When Nasir was leaving, having come first in the university gradings, he went to Dr Friters for a reference. “Nasir, you know what I am going to write?” Then he chuckled and said: “You are a very, very, very, very good second-class student. You are bright but you don’t follow up.” Nasir says thirty years later he wonders if Dr Friters was right. The two were fated to catch up with each other, this time at Laval University in Quebec where Dr Friters, who was then the Distinguished Professor of International Relations, helped him get a job.

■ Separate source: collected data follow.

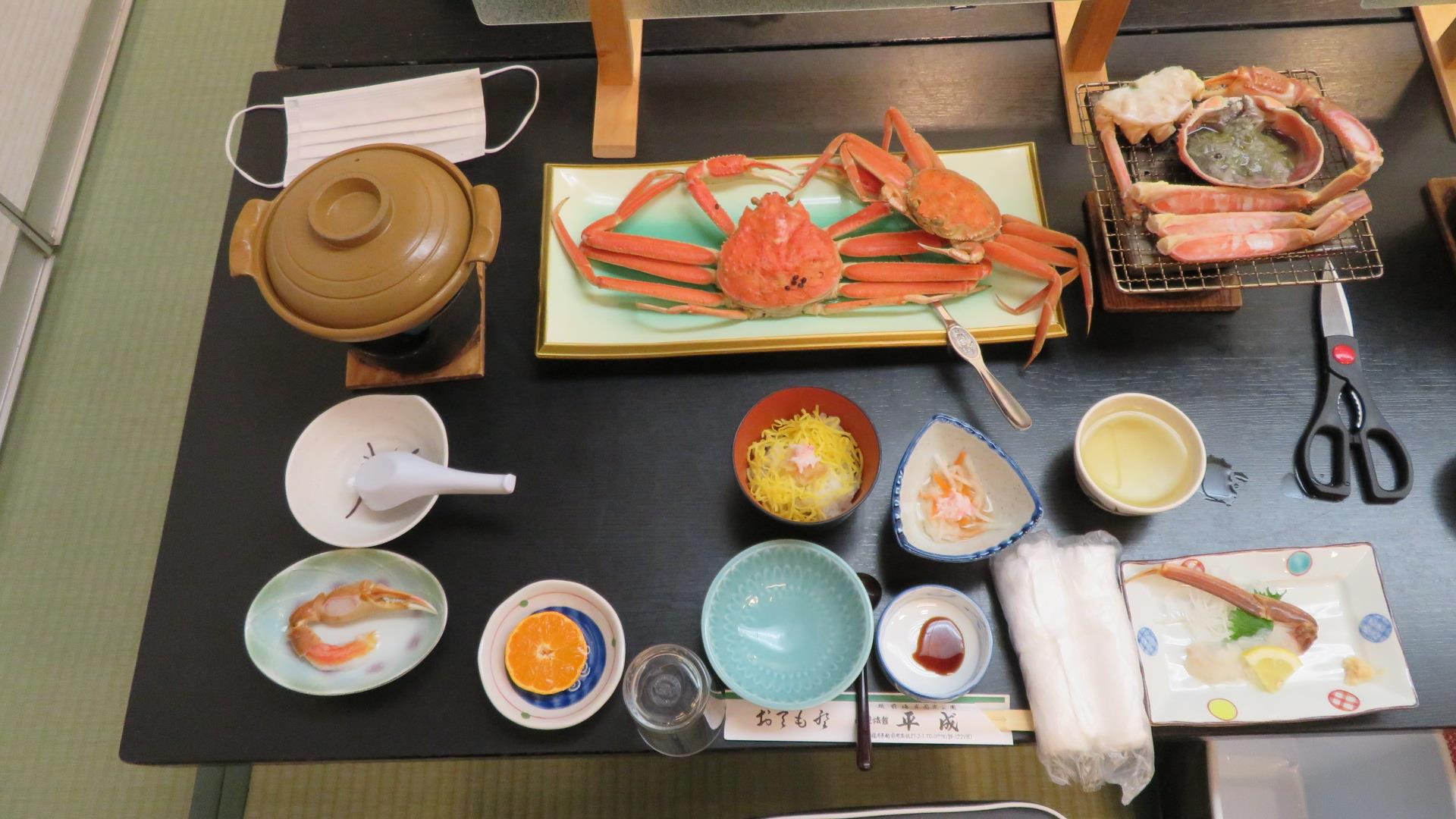今日の昼食は本ツアーの一番メイン 【タグ付き越前がに丸々一杯】と国産活かにフルコース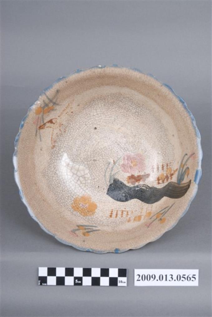 彩繪印花花鳥紋菱花口碗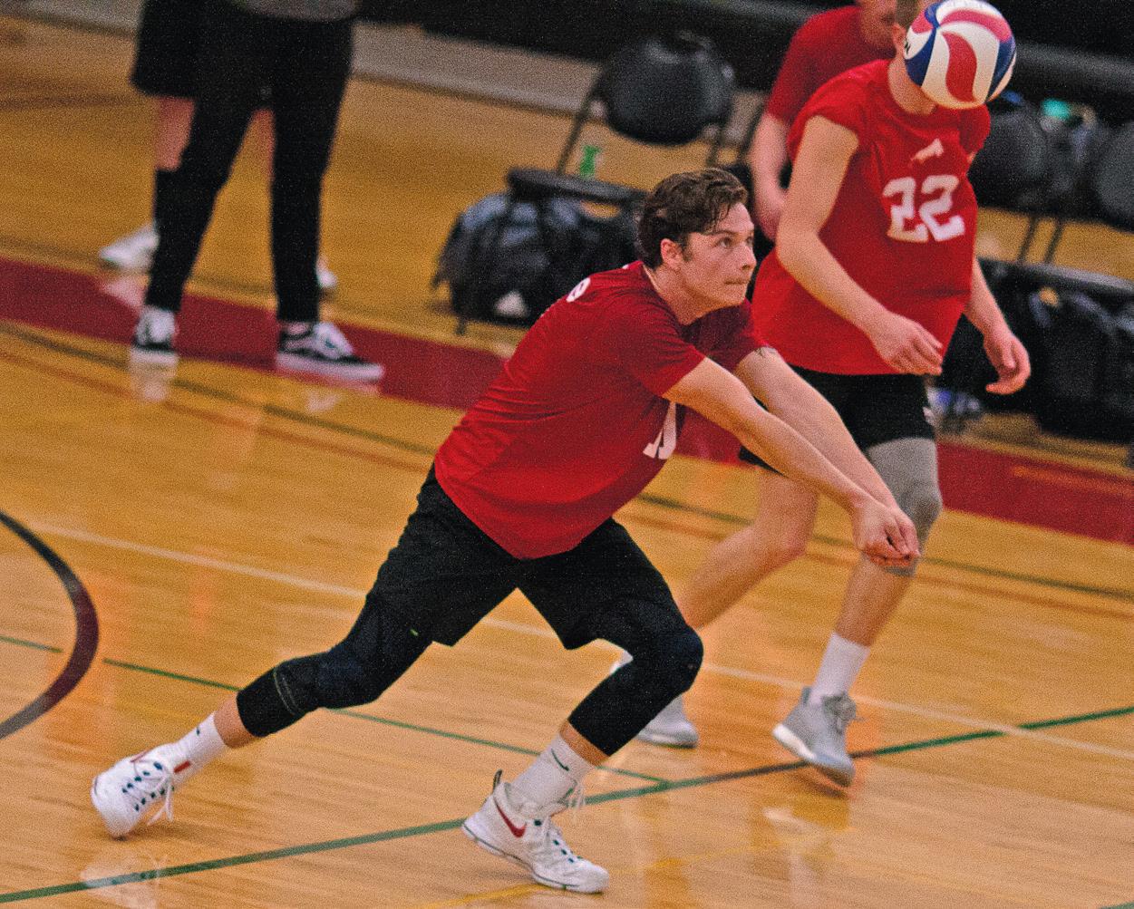Grant DeGrasse receives the serve against Golden West College during the fourth set on Mar. 8 in Woodland Hills, Calif. The Brahmas won in four sets.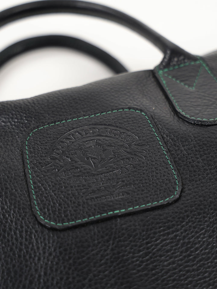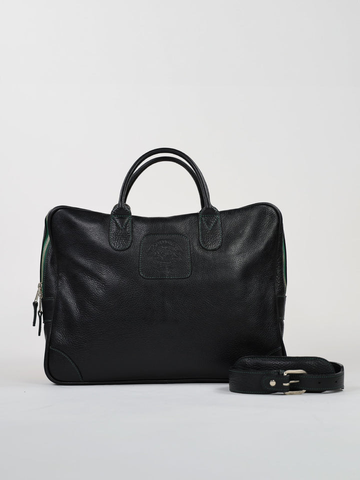 Take Donald Ross' limited edition Black Leather Briefcase on your daily commute. This bag features a a black leather outside and Kelly green accents. Constructed from genuine full grain black leather with plaid lining.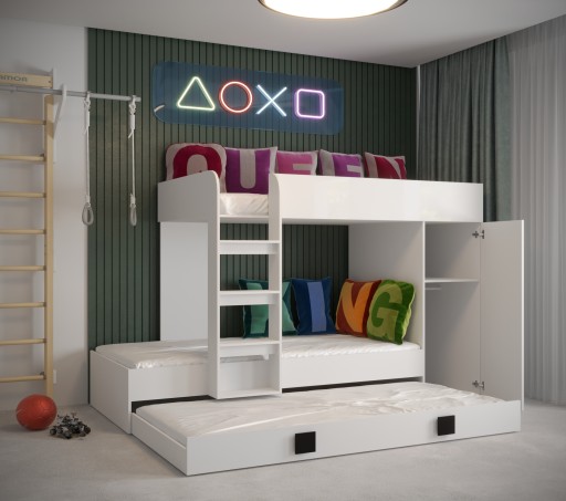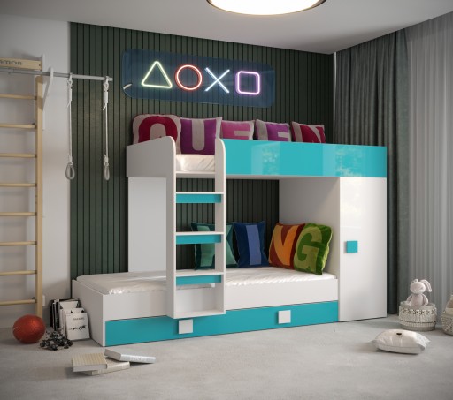 - нижнє ліжко висувається на ручках - воно також може виконувати роль ящика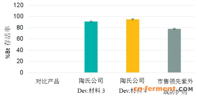 陶氏公司的材料也能增强Bt孢子抗紫外线的能力。Bt孢子在模拟阳光下暴露两小时后,存活率仍保持在95%。而对照制剂暴露于相同条件下时,则无存活孢子(图3)。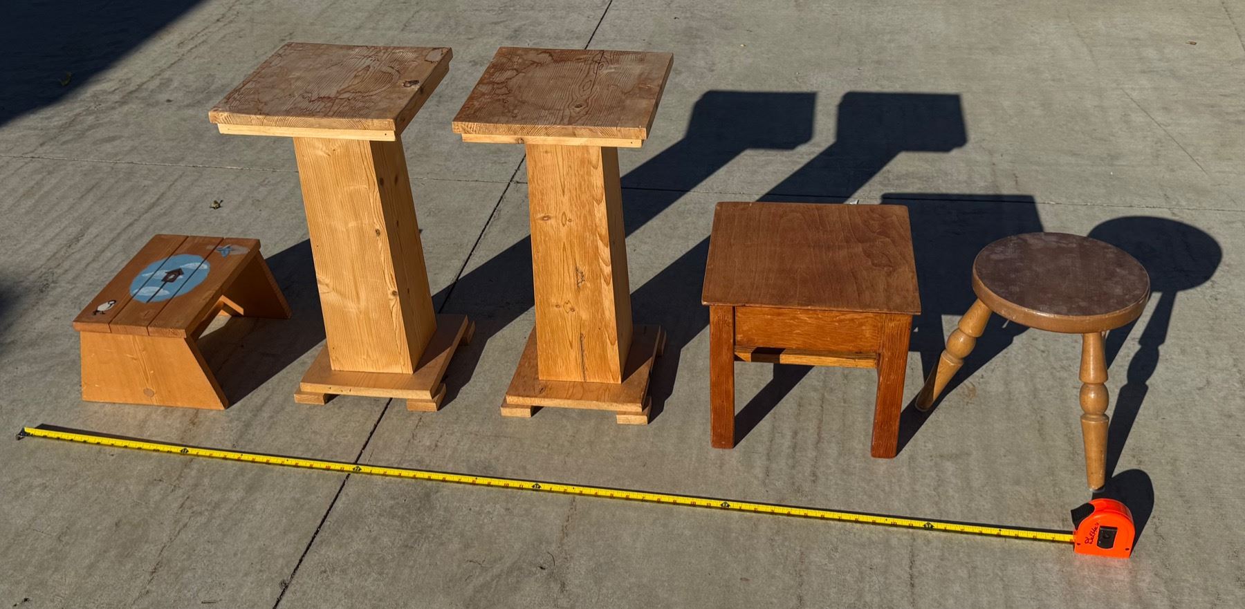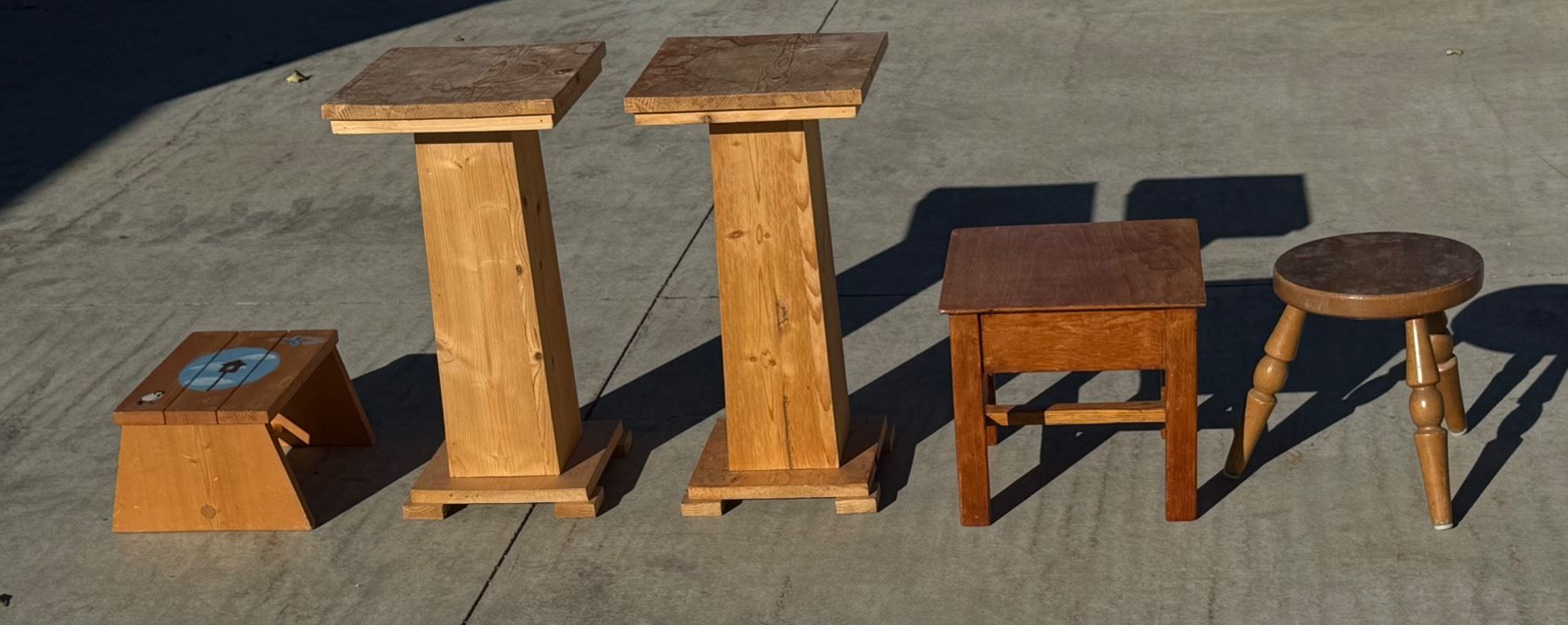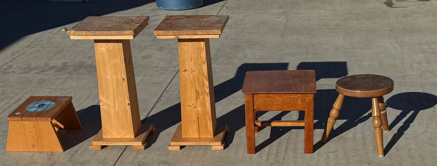 WOODEN STANDS AND STOOLS, LOT OF FIVE ITEMS

Dr Friters’ eccentricities included his hatred of neon lights which he would keep switching off in the science and humanities building which were switched back on by a certain professor of economics. The Quickly had by this time made way for a cycle which carried its rider with a ton of books and maps hanging in a bag from the handlebar. Nasir, married by then, often had over him for lunch. Dr Friters ate while he talked and talked while he ate. Once he “lost” the phone in his office, which was only found, buried under a heap of books, when his number was rung. His office was a state of utter chaos, which no one could enter, Nasir being the exception. But there was method to his madness; he knew where everything was. However, the fire department took a dim view of it and told him to clean the place up as it was a fire hazard. The task brought him to tears because he hated to throw away even a single piece of paper.
In his last years, Dr Friters began to believe that he was being followed. He also started disappearing for days on end. Once his wife, a friend and Nasir chased him to Montreal where he insisted on taking them to a Hawaiian restaurant. Once there he began to complain that the music should be livelier because what they were playing was more appropriate to a graveyard. The manager got so exasperated he sent for the police. As they arrived, Dr Friters rushed out. A couple of minutes later, the police approached his would-be rescuers and asked why they were bothering the old gentleman. Later, word of Dr Friters came from Ottawa. The police phoned Nasir to ask if Dr Friters was a violent man. It turned out he had gone to Prime Minister Pierre Trudeau’s office (whom he knew) and insisted on seeing him. When the staff resisted, he declared, “Je vais liquider le Parlement.”
After five years at Laval, Nasir moved to Ottawa. Dr Friters was not happy he was going. As the two stood talking, Hambleton, an economics professor, rushed out of his room and disappeared down the stairs. “Double agent, KGB and …,” Dr Friters said. Years later, Hambleton was arrested in London and charged with being a Russian spy. He may also have worked for Canadian intelligence. When Nasir read the story, he wished he could call Dr Friters and tell him he had been right, but the old eccentric scholar had passed away some time before.